Blog post is from 2007! Things have probably changed substantially for both companies since.
This really needs a (2007) tag. Virtually everything in there about the structure of Google as company is thoroughly out of date.
> Make the food in the café free. If an employee eats an average of $15 of food per day (the actual average at Google which is closer to $10) it would cost Microsoft $3,750 per year per employee to offer 3 meals a day. Instead of increasing starting salaries, switch to free food

I'm not sure this is a good idea. I wouldn't want my employer to assume that the extra $3750 (assuming the calculation is correct for now) will go in food. Salary increase sounds much better. But probably thats just me.

for my last company we convinced management that it was the right choice to have lunch provided in the office. We mostly went out to eat a food trucks or popular places in SF where the walk+wait time might be 45-60 minutes then you eat. So the time wasted going out to eat was much more then the cost to bring food into the office.
I think that going out for lunch and getting away from the office is better in the long run
Better in the short, medium and long run.
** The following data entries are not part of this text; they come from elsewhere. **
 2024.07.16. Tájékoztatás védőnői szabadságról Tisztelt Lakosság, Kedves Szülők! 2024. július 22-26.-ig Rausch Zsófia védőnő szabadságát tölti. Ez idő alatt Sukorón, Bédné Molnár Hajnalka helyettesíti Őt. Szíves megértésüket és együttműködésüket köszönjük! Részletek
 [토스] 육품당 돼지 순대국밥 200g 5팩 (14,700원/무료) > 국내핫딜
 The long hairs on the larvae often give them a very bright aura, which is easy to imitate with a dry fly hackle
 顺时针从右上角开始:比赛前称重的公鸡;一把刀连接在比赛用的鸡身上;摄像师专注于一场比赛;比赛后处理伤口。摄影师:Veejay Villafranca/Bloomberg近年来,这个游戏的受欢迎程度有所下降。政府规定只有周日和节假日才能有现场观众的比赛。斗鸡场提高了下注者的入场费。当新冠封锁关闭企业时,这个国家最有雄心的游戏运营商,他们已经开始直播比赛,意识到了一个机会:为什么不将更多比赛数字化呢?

The current situation of people sitting at their desks for 8 hours solid a day has been shown to reduce life expectancy. Then there is the proven benefits of walking 30 minutes a day and the psychological benefits of Vitamin D exposure.
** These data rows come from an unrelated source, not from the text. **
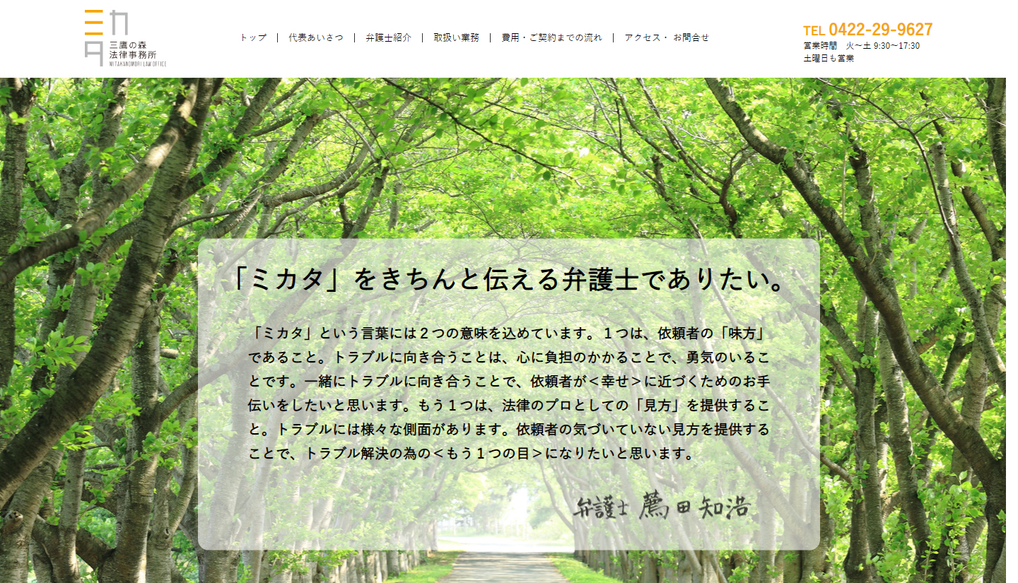 引用:https://mitaka-law.jp/ Googleで「三鷹 弁護士」で検索して1位に表示されたサイトです。安心感を感じる良い雰囲気のサイトだと思います。ただ、1位に表示されているのは、SEO対策の結果ではなく、偶然的なものだと感じます。当…<続きをみる>
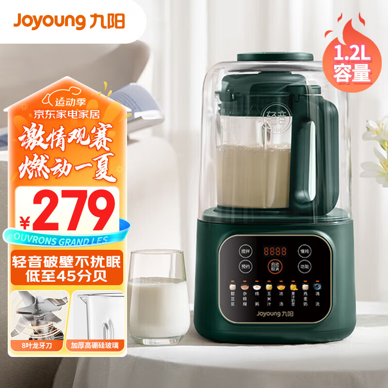 九阳(Joyoung)低音破壁机家用豆浆机 柔音降噪榨汁机料理机 纤薄精巧小容量 破壁机L12-P188价格:279.00元!
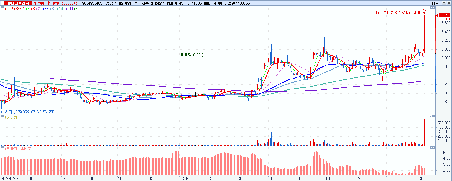 HB테크놀러지 3,780원 ▲ 29.9% (KOSDAQ, 078150)
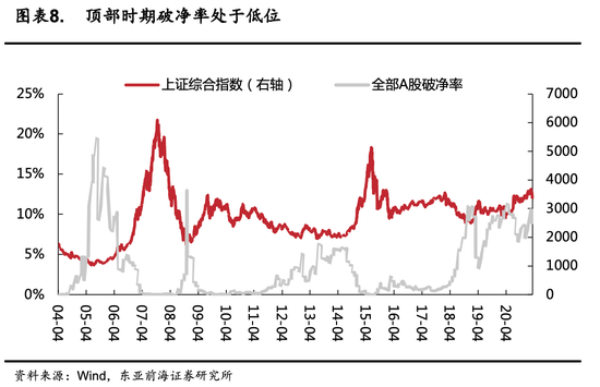 另外一方面,从破净率来看,当前市场仍然处于高位。历史上几轮市场牛市,破净率均会降至0左右,而当前仍有10%左右的上市公司的市值水平低于其账面价值,这也反映了当前市场仍然具有投资价值。
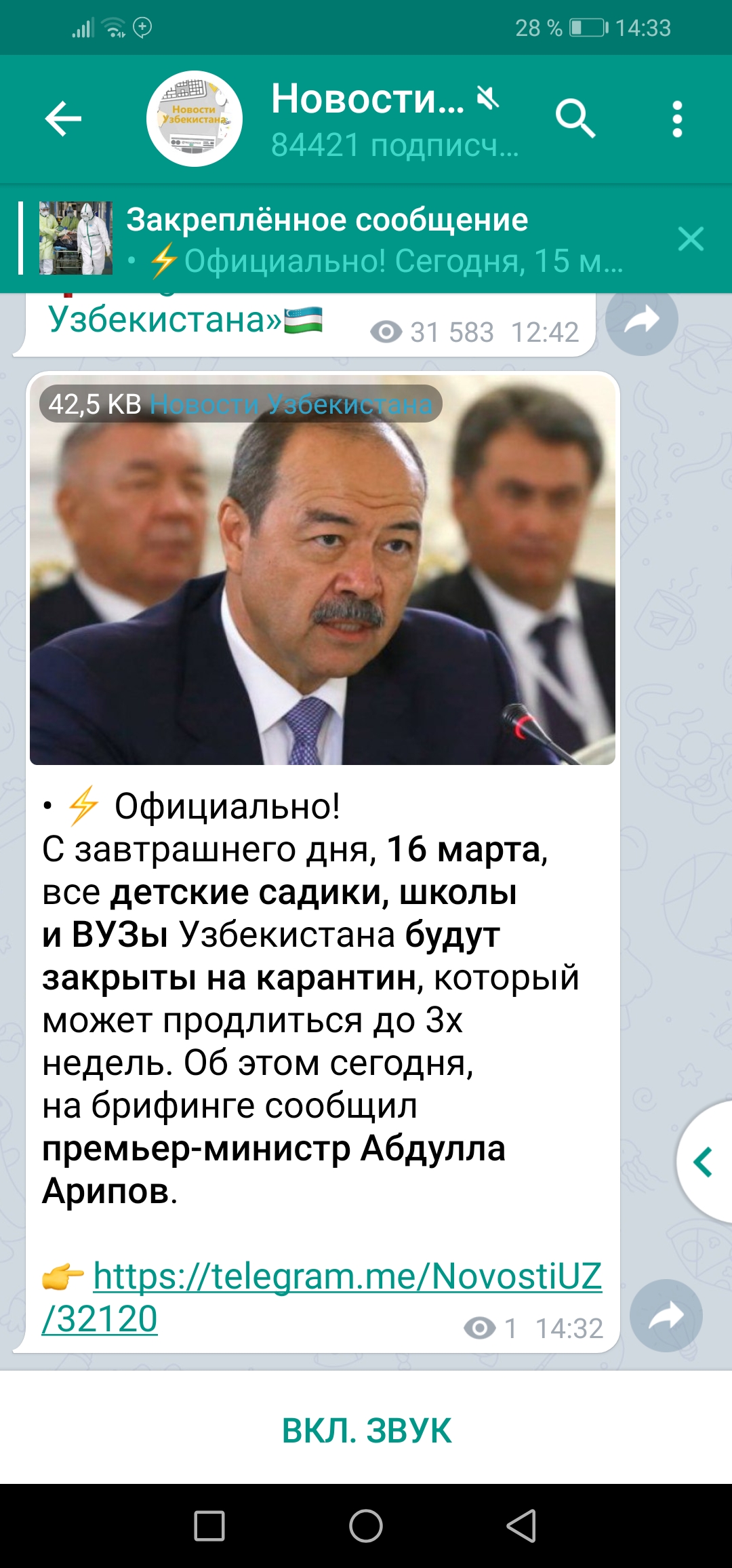 С 16 марта Узбекистан закрывает авиа- и автодорожное сообщение с другими странами. На решение вопроса закрытия железнодорожного сообщения отведено три дня.

Campus cafeterias/food delivery should actually be gotten rid of.

Then the IRS ads this benefit in kind to you income for tax purposes so the actual benefit is taxed. I would rather have an extra 3.75 k in options which are much more tax efficient.
The food benefit isn't taxed. To get the same $3,750 food benefit via salary, your employer would have to pay you $5,000-$6,000 more in salary.
I don't understand why the comments on the blog post are so hostile. Lots of people were calling for this person's head, when what they distributed is fairly tame.
This isn't someone sharing their experience publicly, but a copy-paste from Microsoft's internal mailing list, see the note at the top:

The following has been making the rounds on just about every internal email list I belong to in Microsoft. Here it is to share a little insight with the rest of the world. Microsoft is an amazingly transparent company. Google is not. Any peek is a good peek.

So those are Microsoft employees upset about public airing of only semi-public laundry. I wouldn't mind if i wrote something like this and someone put it online, but i can see that someone else might.